The public at large rarely gets a glimpse behind the curtain of justice, and thus can’t appreciate the ugly reality of the criminal justice system. Sadly, defendants are often punished for relying upon the very rights we say we revere. Nowhere is this more evident than in imposition of what defense lawyers call the “trial tax.”
Among the rights guaranteed to a person accused of a crime is the right to present a defense, and the right to a public trial. Defendants enjoy a presumption of innocence. Indeed, jurors are sometimes told that the presumption of innocence alone is enough to acquit a defendant if the state cannot prove its case beyond a reasonable doubt, the law’s highest, and most demanding, standard.
These rights are guaranteed to all. No one is supposed to be punished for relying on them.
But few are the defendants who go to a full jury trial. Almost all defendants enter guilty pleas to avoid trial. The United States Supreme Court reported in a decision several years ago that our criminal justice system is really one guilty pleas, not one of trials. On both the state and federal level, well over 90 percent of folks charged plead guilty before trial.
These pleas take their name, as does so much else in the law, from the name of a party whose case was appealed all the way to the Supreme Court. In 1971, the high court upheld the practice of permitting folks to hedge their bets by pleading guilty even if they don’t think they are in a case called Alford v. North Carolina.
It works like this: Upon entering a guilty plea, your lawyer informs the court that the plea is an Alford plea. The judge then asks the defendant if he is pleading guilty even though he disagrees with the state’s case, but because he understands a jury might convict him if the case were to go to trial. In exchange for the Alford plea, the client is, presumably, offered a better deal, or outcome, than he would get if went to trial and lost.

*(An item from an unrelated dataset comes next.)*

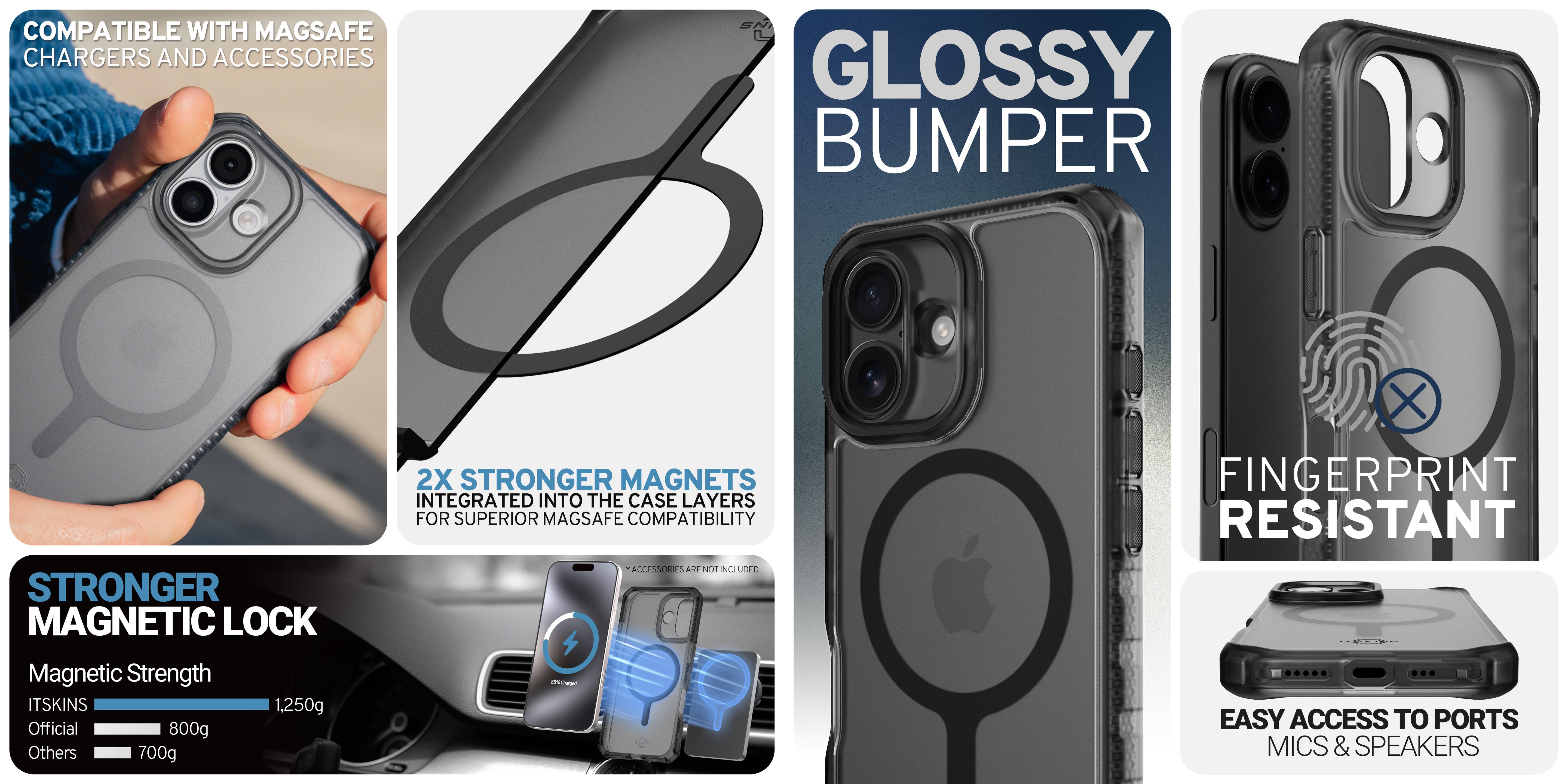 HYBRID_R FROST : features a beautiful, matte frosted finish with an anti-scratch surface so the integrity of the case stays intact., melded with 2X Stronger MagSafe, AI-Enhanced 3M / 10ft Drop Defense, and Stay-Clear Tech. Features a Solid Bumper, Eco-Conscious with Global Recycled Standard Certification, Air-Pocket Corners, Antimicrobial Protection, and Tactile Buttons. Adventure-Ready with a Lifetime Warranty.

In fairness, the federal courts in Connecticut rarely accept such pleas. Federal sentencings are governed by a point-driven system. Defendants are supposed to enter pleas of guilty only if they agree that they are, in fact, guilty as charged. A “straight” guilty plea, one without the insulating effect of an Alford statement, is worth points off the guidelines calculation, and can reduce a prison sentence.
Watch a federal sentence hearing some time if you dare. It is a tedious, soul-destroying affair. Clients stand by dazed as argument flies about all the variables in the sentencing cookbook. All’s that missing is a crier to shout “Bingo” when the final number is announced.
But as tawdry as the work of justice is in the federal court, what passes for justice in the state courts is far uglier. What’s more, the public rarely gets a glimpse of actual plea bargaining in the state courts: deals are typically cut in judicial chambers, with only lawyers, and not even the clients, present. Results are announced in open court.
But the public does a glimpse of the goofiness from time. It was on display not long ago in one of the state’s larger cities.
A man faced serious charges. The state was willing to reduce them and offered him a five-year prison sentence. The client balked, and the case was called for trial. The five-year offer was withdrawn
Urban legend has it that the state offers increasingly better deals the longer a defendant holds out. I’ve heard more than one defendant say, usually after consulting some jailhouse lawyer with more mouth than sense, that the state makes three offers, each better than the one before. I don’t know where such silliness comes from.
If convicted, the man faced a maximum sentence of many multiples of the five-year offer. On opening day of jury selection, the client opted to take the five-year deal.
The client, his lawyer and the prosecutor then appeared before the presiding judge in the courthouse. By convention, each courthouse has such a creature — I liken them to the folks in an airport control tower: They don’t hear cases that go to trial they just control the traffic.
But these judges wield great power. They can approve or disapprove a plea deal.
“No deal,” the judge told him. Yesterday’s five-year offer was now Monday’s seven-year deal. Nothing had changed, other than the fact that the judge wanted to send a message to other defendants: Take the deals you’re offered when they are made. Waiting will cost you.
The client rejected the seven years.
The next day, however, the defendant appeared in front of the judge. His intention was to accept the seven-year offer.
“No deal,” the judge said. That was yesterday; today the offer was eight years.
There’s a reason Lady Justice wears a blindfold; watching this charade would make her sick. Even the state was prepared to let the client plead first to five, then to seven, years.
The defendant held out for trial. He ran his line of defenses until there was no place else to go. Then he tried to accept what the court had once concluded was fair, just and reasonable.
One gets the impression that the judge and defendant were involved in some childish test of will. Of course, the judge wins such contests. But justice isn’t supposed to be a game.
Will taxpayers really be forced to endure the cost of trial, and, if the client is convicted, the expense of housing him for decades because the judge wanted to prove a point?
In cases where clients are punished more severely for insisting their rights are respected, we’re all at risk of abuse. The judge, it appears, just loves imposing a trial tax.